Formatting would use a custom printf-inspired string, such as %2/%2/%2 to signify a date. This means the textbox will accept from 0 to 2 characters before inserting a / character. If two characters are entered and then a / is typed, it simply shifts the input past that character. The textbox should display the expected format via the placeholder text color for text that hasn't been entered yet, with an underscore _ standing in for each expected character. %0: would allow for an infinite number of characters to be input, and would only terminate once a : character was entered. %% would resolve to a single % format character.

It's not entirely clear how much this would affect cursor placement and text insertion. It depends on what kinds of restrictions are placed on cursor placement and text deletion within preformatted strings.

Get rid of GLFW

GLFW breaks several aspects of feather that we want to implement, because it obscures features of the host operating system that we need access to, such as the raw message pump, and the UI sync object. We should implement our own message and input handling code for each platform, although we can use GLFW as a reference if needed.

Build ground-truth software rasterizer for testing

Create a ground-truth software rasterizer that uses maximum precision calculus for all pixels and establishes the baseline target for the compositor.

  • Add an image diff option that can be invoked from the build step
  • Use a nix derivation that creates a build artifact with a set of example scenes, rendering them with each backend and diffing them with the ground truth image.
  • Output statistics of the accuracy % for each test scene and use feather to create a bar graph that is displayed in the git repository.

Return detailed errors when possible

emplaceContext/attachContext should return error codes.

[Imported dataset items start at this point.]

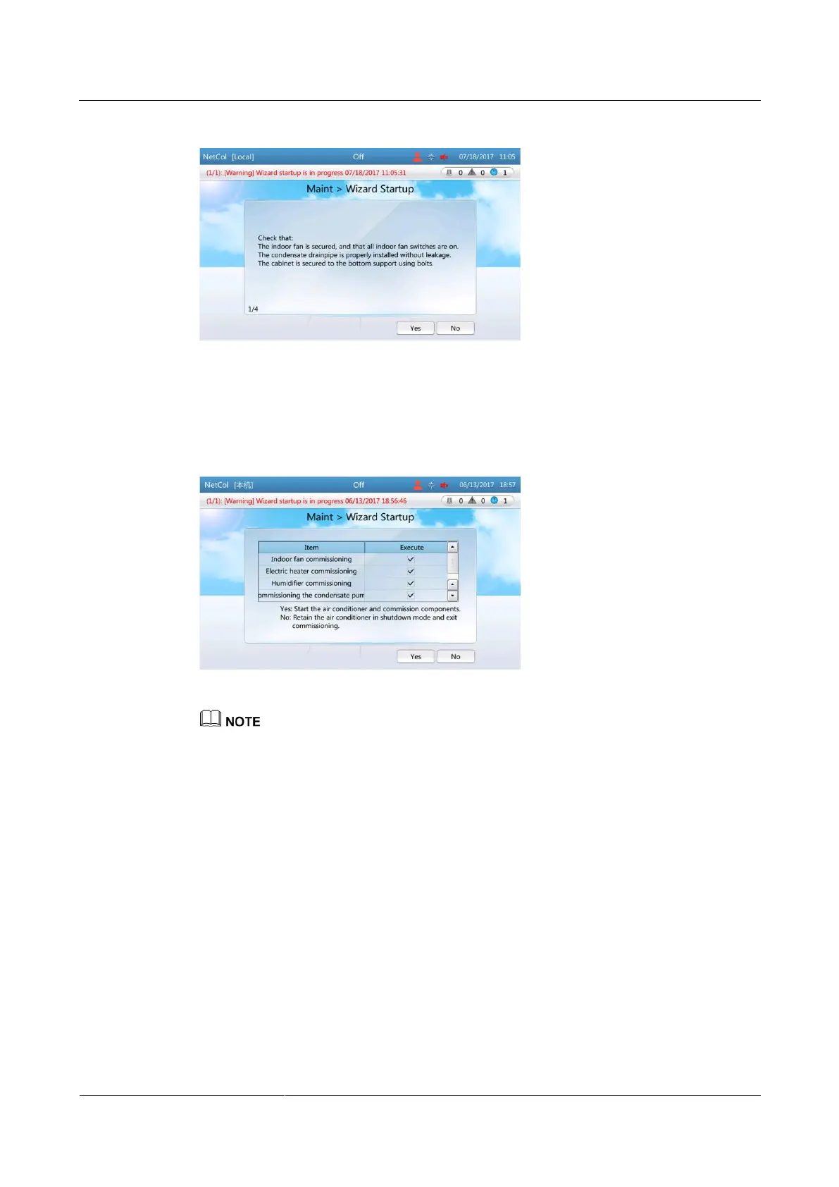 and humidifier commissioning items will not appear on the screen.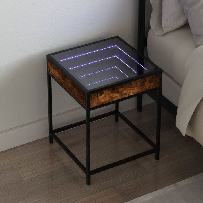 VidaXL Table de chevet avec LED infini chêne fumé 40x40x51 cm 3284093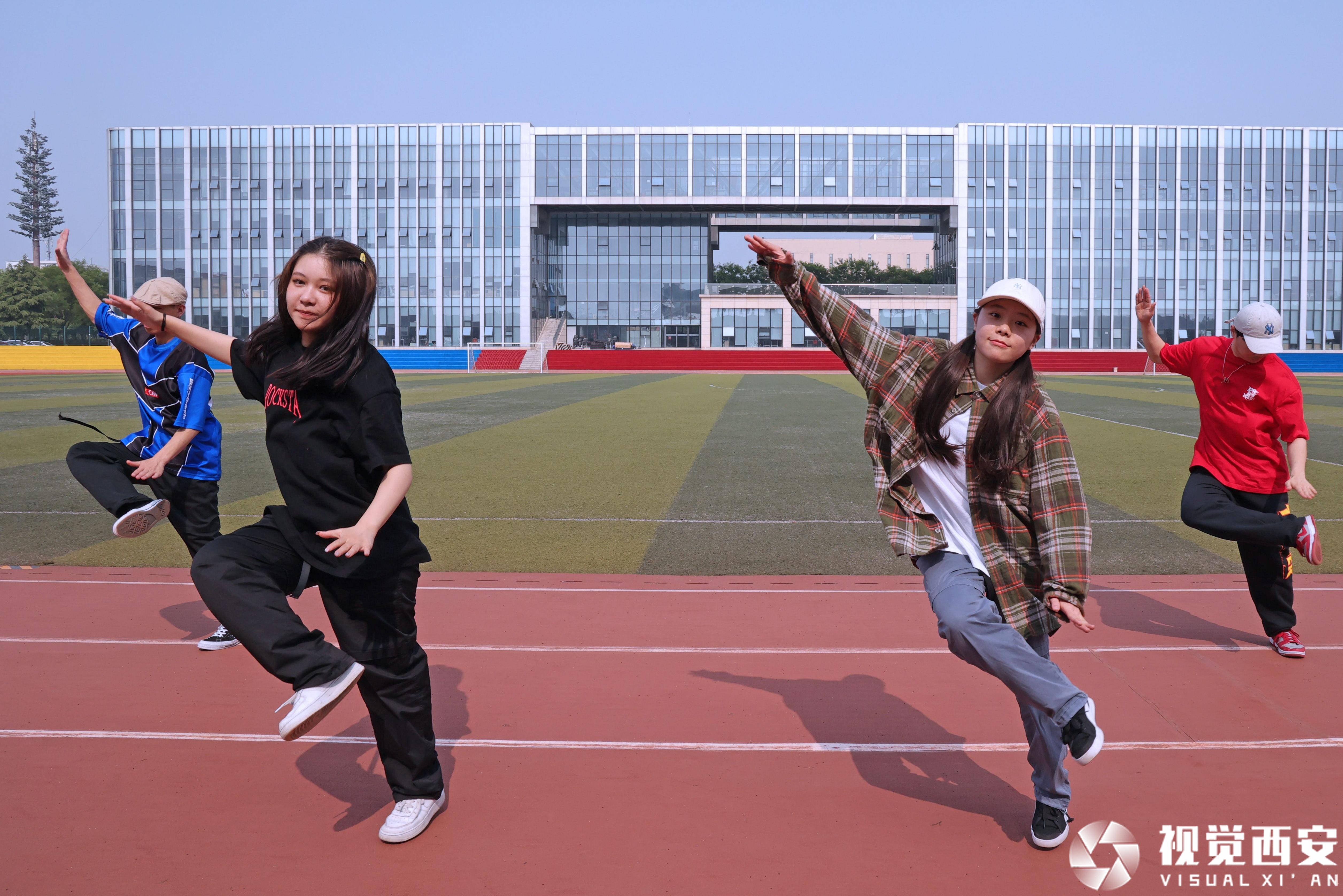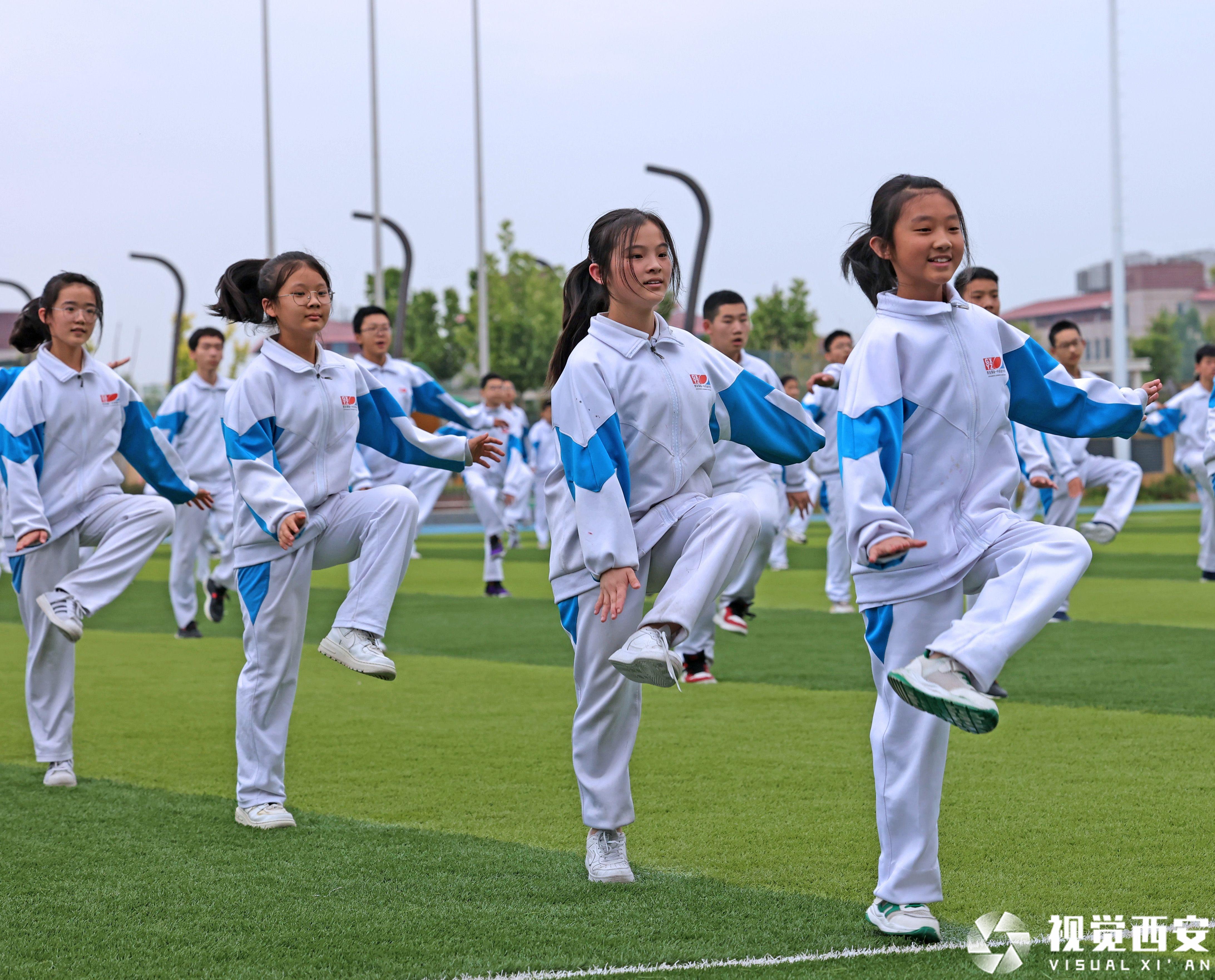 位于秦岭北麓、高新区未来中央创新区的西安高新一中实验中学,拥有优美的环境、清新的空气和绿色环保的现代化体育场馆设施,5月13日下午,当200余名初中学生共同跳起毽子操时,场面颇为壮观。该校七年级(初一)三班的吉烜宁和五班的宋舒维是住校生,每周只能在周末回家,不过,这对小姐妹均表示,通过课余时间和同学们一起跳毽子舞、打羽毛球,能让自己充分放松,“自习和运动结束后,我们每晚十点准时熄灯睡觉,第二天六点半起床,生活很规律、精力也特别充沛。”七年级二班的刘语涵是为数不多的走读生之一,虽比其他同学增加了一些奔波之苦,可她却笑着表示,如今学校在减轻学生课堂作业和课外培训负担方面做得很不错,“我们有不少时间可以参与自己喜欢的运动。除了组织大家学跳毽子操之外,学校还开设了游泳课、红拳课,也组建了健美操等体育社团,同学们都很喜欢。”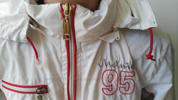 В идеальном состоянии, только потеряли капельку на утяжке капюшона.(на фото показано), все остальное без будь каких дефектов. на худенького мальчика.Замеры: Длина - 47см. ПОГ- 38см длина рукава от плеча - 38см, от шеи- 48см. Капюшон съемный.

Error codes for OpenGL should be expanded so they can be logged even if the values are not standardized.

Every possible crash should have a check and be caught. All errors should be logged appropriately before returning. There are some sections of fgOpenGL where this doesn't happen (we assume all functions are valid which is not true) and fgGLFW plus the desktop bridge do not have robust error returns like fgOpenGL, so must manually enforce proper logging of all possible errors.

Improve JSON implementation

  • expand the tests to ensure that it works properly on a wider variety of json inputs
  • take care of the couple features that were not implemented
  • replace the use of cjson with an implementation in scopes that ensures type safety/memory safety

Arbitrary Alpha-Channel Masking

One of the requirements of Material Design is for certain animations or effects to be clipped precisely to a control, and a control could be multiple objects (like two rounded rectangles perpendicular to each other in a cross formation), which is impossible to write a general clip for. This needs to be solved using some sort of masking layer, potentially in combination with the layers introduced in #17 for rotational clipping support. This would function by simply setting the alpha channel of the layer to the inversion of the mask and then drawing things on it with the appropriate blend options.

Unit Testable Backend API

The Backend API needs to be tweaked so that it is unit-testable, but this requires implementing #36 the basic message queue first. These unit tests should be able to spawn a window and create a basic drawing of a rounded rectangle with text on it, and should respond to that rectangle being clicked (by processing the raw inputs, not actually implementing any UI logic). This ensures the backend acts as a sane abstraction layer for the OS level drawing and input functions.

Implement Event Queue

The event queue data structure underlies all of feather processing - an initial implementation in scopes must be completed for us to do input processing in a sane way.